How can the ocuCheck help?

Current methods for evaluating bleb-leaks include the use of the Seidel test, which is subjective and requires a slit lamp device to visual the wound. The ocuCheck can revolutionize this process by providing a portable, hand-held device to check the integrity of the wound. Now, the diagnosis of even a small leak from a bleb can be detected by the ocuCheck and can change management of post surgical gluacoma patients. Improved diagnosis and early treatment may prevent vision loss from late infection. The ocuCheck can be the first instrument to help standardize post operative management of bleb-associated infections.

The OcuCheck for Eye Trauma

How serious is an eye trauma?

Open globe injuries are the most serious ocular trauma and typically result in profound visual impairment. Accurate diagnosis and timely management influence the prognosis for recovery of vision, diagnosis should be made and patients sent for treatment within 6 hours from time of injury. Access to a device, such as the OcuCheck, will allow first responders the ability to make the correct diagnosis and initiate the proper management plan.

Who’s at Risk?

There are 2.4 million eye injuries per year in the United States. The most serious injury to the eye is an open globe, which is a break in the integrity of the outside wall of the eye. The incidence of open globes has been reported to be between 2-6 per 100,0003 in adults and 15.2 per 100,000 in children.

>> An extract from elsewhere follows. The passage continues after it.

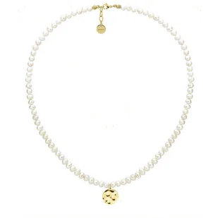 Naszyjnik damski typu choker z subtelnych pereł hodowlanych w kolorze białym z medalionem o ciekawej, młotkowanej strukturze. Elementy pozłacane są trwałą metodą PVD, która nadaje biżuterii piękny kolor 14k złota. Minimalistyczna forma zrównoważona ponadczasową klasyką nada szyku każdej kobiecie. AMULET OCHRONNY

Emergency Physicians and Emergency Medical Service Personnel: The ocuCheck would benefit emergency department health professionals with the evaluation of ocular injuries. Emegency medicine technicians (EMTs) can use it in the field to obtain an immediate diagnosis to help with triage. Physicians in the hospital can use it to aid in the diagnosis of all eye traumas especially in challenging cases such as a child who may not be able to sit still enough to perform the Seidel test or might not be tall enough to fit in the slit lamp device or in an unconscious patient, who cannot be positioned upright for accurate slit lamp evaluation. Since the iCheck is portable and handheld, it provides an objective measurement that can be performed in any patient.

Military Medics: The incidence of open globes within military members in wartime situations has increased over 50 % what was expected. The device can be transported to the field and used by military medics to make quick, accurate decisions on the degree of eye injury.